PROBLEM
Copy, word for word, the lines of the entries below between the one with "Seattle tiene una" and the one with "Es la racha", inclusive, and leave out everything else.

(Beginning of DATASET EXCERPTS)

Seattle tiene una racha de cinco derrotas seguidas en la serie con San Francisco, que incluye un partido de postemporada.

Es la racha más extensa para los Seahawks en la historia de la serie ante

(End of DATASET EXCERPTS)
(Beginning of DATASET EXCERPTS)

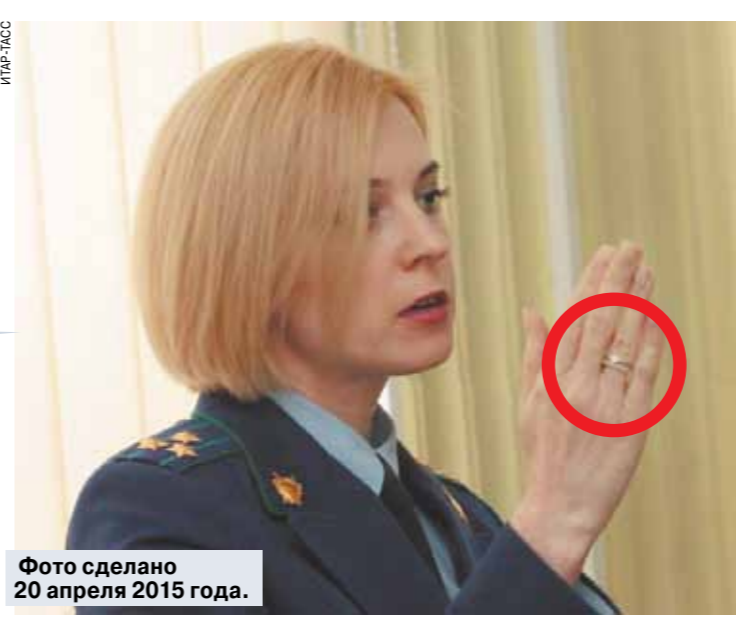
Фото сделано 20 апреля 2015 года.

(End of DATASET EXCERPTS)

RESULT FOR THIS EXERCISE
Seattle tiene una racha de cinco derrotas seguidas en la serie con San Francisco, que incluye un partido de postemporada.

Es la racha más extensa para los Seahawks en la historia de la serie ante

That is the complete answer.